Но не успела она, осторожно запивая бурым, но безвкусным чаем, выгрызть мышиное углубление в чугунном кексе (уронить на ногу - неделю пробюллетенишь), как услышала знакомый вдохновляющий голос. Она уткнулась в свой чай, чтобы не здороваться, но, подобно Хоме Бруту, не вытерпела и глянула - точно, Дуткевич, неповторимая лысина, затянутая редкими прядями, словно тиной, а пробор, широченный, как река, с излучинами и плесами, проходит над самым ухом и растворяется где-то на затылке, за воротником. Чтобы не терять навыка, Дуткевич и с буфетчицей вдохновенно взмахивал головой. От этого первая поперечина начинала сползать, открывая лысый полумесяц, а он, чувствуя щекотание крысиного хвостика, откидывал его, словно пышный куст кудрей, тем же гордым отбросом головы, с каким вручал ей знамя (он - ей!) "Иное одобрение похоже на удобрение: пахнет противно, но расти помогает" (Коржиков).
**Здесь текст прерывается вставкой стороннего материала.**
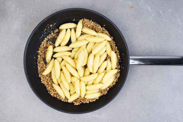 In einer großen Pfanne 2–3EL Butter schmelzen und die Nüsse sowie die Semmelbrösel darin 1–2Min. anrösten.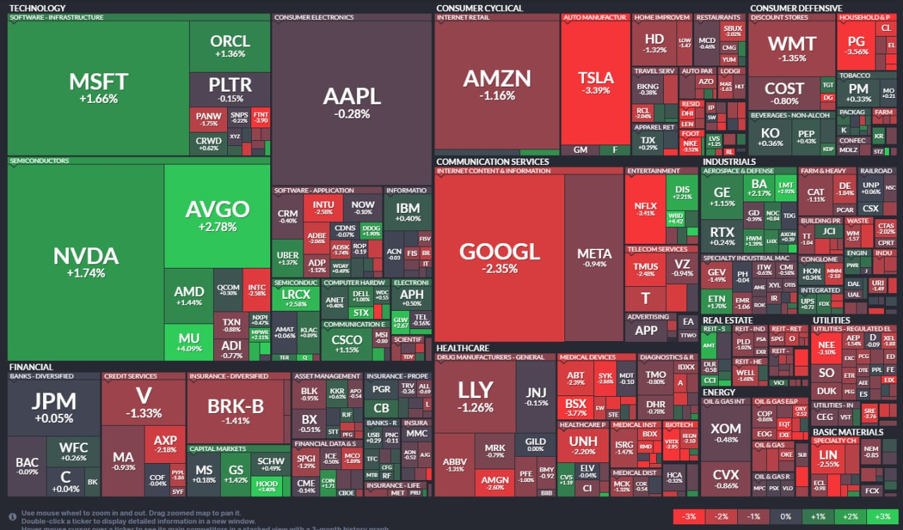 *특징 종목: 엔비디아, 브로드컴 강세 Vs. 테슬라, 알파벳 부진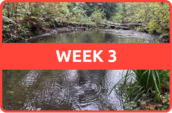 Next week is boasting consecutive rainy days with cloud cover and temperatures in the high 50s. This will mean more fish may be taking advantage of this cooler system, entering the streams with each rain event. This may also mean that water may become murky and difficult to see into. Take time along the lookouts to watch for movement from fish navigating the waters. This also means that we may begin seeing coho suffering from Urban Mortality Runoff Syndrome (URMS) with these early rain events. If you see a fish suffering from URMS please take a video of the fish, send to Piper and update the Volunteer Folder (found in the Volunteer Portal) and contact Piper.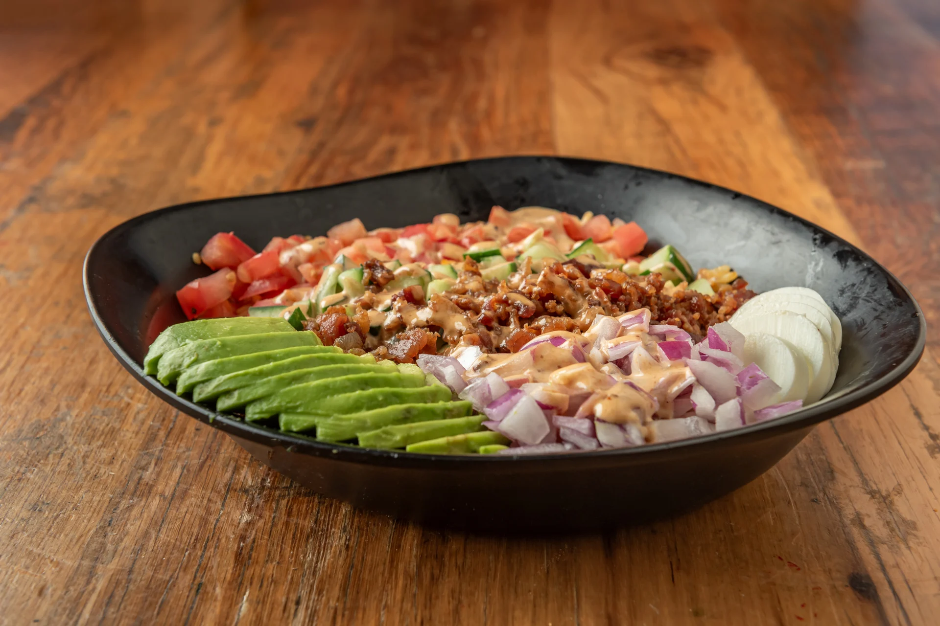Cobb's rice blend topped with hard boiled egg, bacon, tomato, cucumber, avocado, red onion & Southwest sauce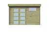 Dit prachtig modern tuinhuis heeft wanden van 44 mm dik massief vurenhout (onbehandeld) - afkomstig van het hoge Noorden - en een staaldak met anti-condensdoek. De afwerking van de uiteinden van de planken is recht, wat een strakke en vooral moderne uitstraling geeft.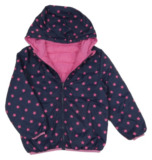 • Tmavomodrá šušťáková zateplená oboustanná bunda s hviezdami a kapucňou George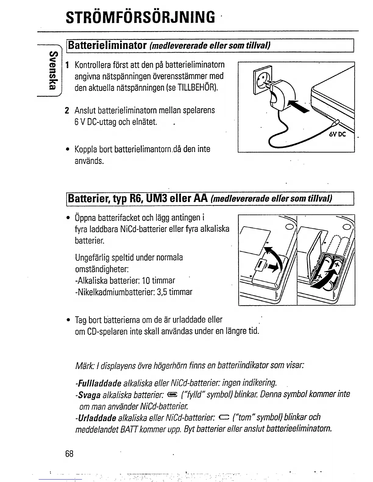Philips AZ6844 - Portable Cd-player - Power Supply; Using the Battery Eliminator; Using Batteries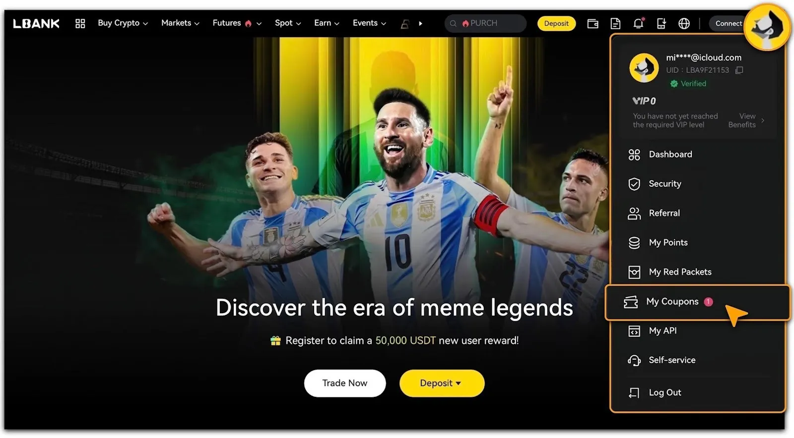 Melden Sie sich bei Ihrem LBank-Konto an und gehen Sie zu „Profil > Meine Gutscheine“..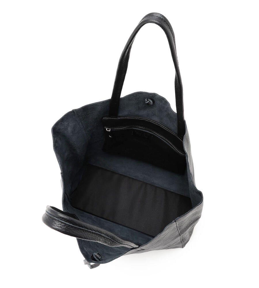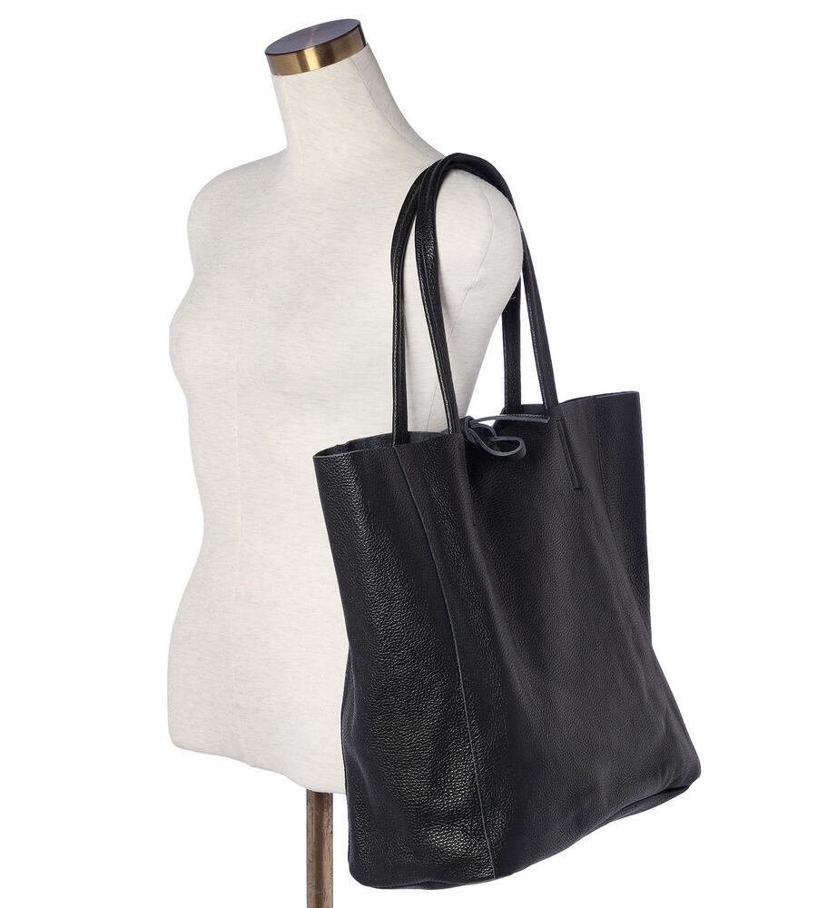 柔らかで上質なレザーで仕立てたビッグトートバッグ。小物を入れられるジップポーチ付きで整理整頓に便利な仕様。サイドと底にしっかりとしたマチがあり、大容量の収納力で使い勝手抜群で様々なシーンにマッチ。開閉リボン結びのシンプルなデザインで、様々なコーディネートにマッチする便利なアイテムです。

Дуткевич считался принадлежащим к руководству за то, что получал хорошие деньги и ни в чем ничего не смыслил. Профессионализм - уже за одно это ее ребятам не светит сколько-нибудь крупное повышение. В ней и самой видят выскочку за то, что она принимает работу близко к сердцу: величественное безразличие к делу ("объективность") придает начальнику сходство с богом. Как они только так могут?.. Лучше быть... да хоть раздатчицей в соседней столовке - глаз не оторвать: три тарелки, будто ручные птицы, сами взлетают на предплечье. Три удара черпаком - три порции готовы. А эти что оставят?.. Что про них дети думают?,, Ужас!
Конец! Увидел ее, направляется к ее столику, со своими мертвенно-бледными сосисками-утопленницами.
– Однако у тебя и экстерьер! Нельзя же так активно отдаваться, - и, насладившись паузой, прибавил: - Работе.
– Я ведь вам уже говорила, что я не интеллигентный человек - не люблю неприличных шуток.
– Гы-гы. Но ты своих орлов подраспустила. Твоего Лузина придется на партбюро продраить с песочком. На овощебазу не вышел. Пусть другие за него работают.
– А когда он за других по двадцать четыре часа за дисплеем сидит, слепнет - это ничего? И... а кто вам сказал?
– Ты же за себя никого не оставила. Мы подумали и назначили Бугрова член партии, серьезный парень.
"Серьезный"... Единственный параметр, который им доступен.
– А почему не Сережу?
– Керженцева? Что у тебя как в детском саду - Сережа, Вася... Твой Керженцев в машинном зале руку директору через плечо подал!
На лице Дуткевича было написано восторженное "во дает!".
– Да, с бездельниками вам проще - они стараются почтительностью взять. А Бугрову я голову оторву.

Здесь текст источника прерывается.